For the first time, the World Health Organization (WHO) published a list of “priority pathogens” which constitute a current and extreme threat to human health. WHO is seeking to promote new efforts in the discovery and development of new antibiotics to address a growing threat of antibiotic resistance.
Research encompassing the fundamental mechanism of antibiotic resistance and bacterial biofilms as well as the discovery of new antibiotics and the development of new tools to aid in their discovery have a rich history at the University of Notre Dame and researchers within the Warren Family Center for Drug Discovery & Development.
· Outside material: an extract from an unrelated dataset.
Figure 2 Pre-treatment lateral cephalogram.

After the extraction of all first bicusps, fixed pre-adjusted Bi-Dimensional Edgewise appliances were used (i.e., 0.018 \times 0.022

Shahriar Mobashery’s team recently published research on the regulation of the peptidoglycan protective layer of Gram-negative bacteria such as Pseudomonas aeruginosa. In collaboration with Mayland Chang, Mobashery also discovered two new classes of antibacterials, the oxadiazoles and quinazolinones. The oxadiazoles are active against Gram-positive bacteria, are bactericidal, have efficacy in mouse models of infection, have excellent pharmacokinetic properties, including oral bioavailability, and display a long post-antibiotic effect. The quinazolinones show efficacy in mouse models of methicillin-resistant Staphylococcus aureus (MRSA) infection, and have an unprecedented mechanism of action, binding to the allosteric site of penicillin-binding protein 2a and triggering conformational changes that lead to opening of the active site, allowing access to the site by β-lactam antibiotics, which normally cannot gain access because of the closed conformation of the active site.
Marvin Miller has synthesized numerous siderophore-based antibiotic conjugates that selectively target Gram-negative pathogens including outstanding selective activity against carbapenem-resistant as Acinetobacter baumannii.
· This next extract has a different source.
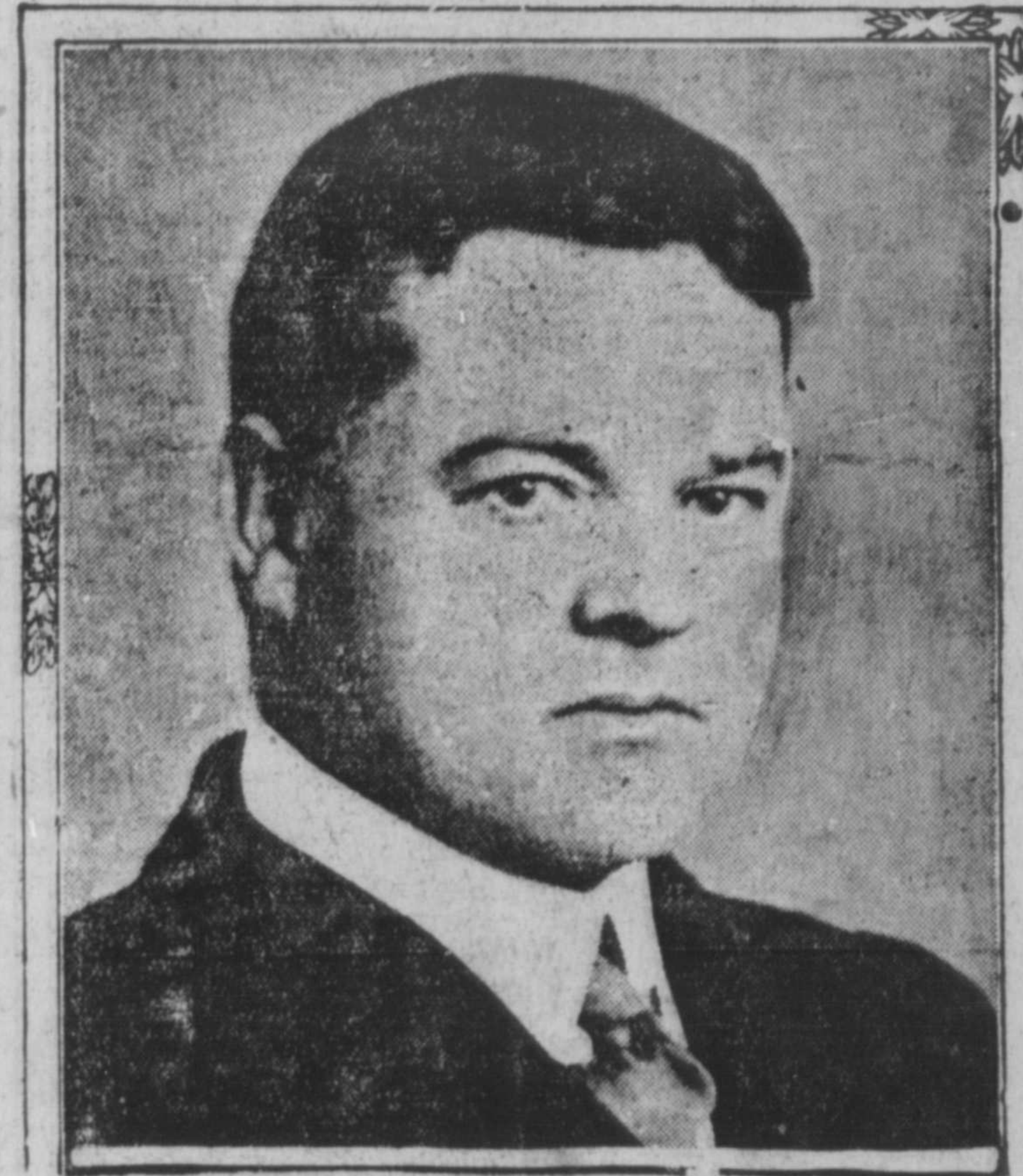
Celebrated fifty-eighth birthday yesterday and delivered speech of acceptance today.

Shaun Lee has been studying the biosynthetic mechanisms regulating the production ribosomally produced bacterial peptides, known as bacteriocins, and their diverse roles within their producing bacteria. Enzymes that participate in key steps in their biosynthesis offer new targets for drugs which could be effective against a variety of pathogens.
Joshua Shrout is developing tools for evaluating bacterial behavior and antimicrobial action by characterizing activity in a vast number of well-defined growth environments. Through the use of molecular imaging capabilities of confocal Raman microscopy and surface enhanced Raman spectroscopy, the Shrout lab can study the distribution of signaling molecules, secondary metabolites and virulence factors in biofilm communities of Pseudomonas aeruginosa.
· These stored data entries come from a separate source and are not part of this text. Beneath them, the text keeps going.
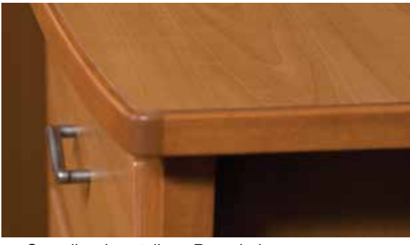
Scandinavian styling. Rounded corners. Available with matching or contrasting door/drawer finishes.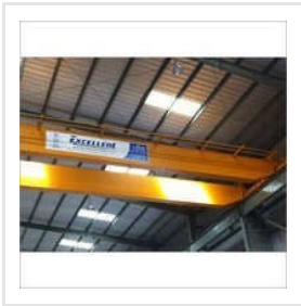
Single Girder Overhead Cranes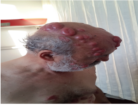
FIGURE 1: Prior to salvage treatment.

Over the last several years, Sergei Vakulenko and his group have made the major contributions to the microbiological, kinetic and structural characterization of class D beta-lactamases of Acinetobacter baumannii and the elucidation of the mechanism of their carbapenemase activity. These enzymes rendered A. baumannii resistant to the last resort carbapenem antibiotics which resulted in high mortality rates and propelled this deadly pathogen to the number one position on the WHO priority list.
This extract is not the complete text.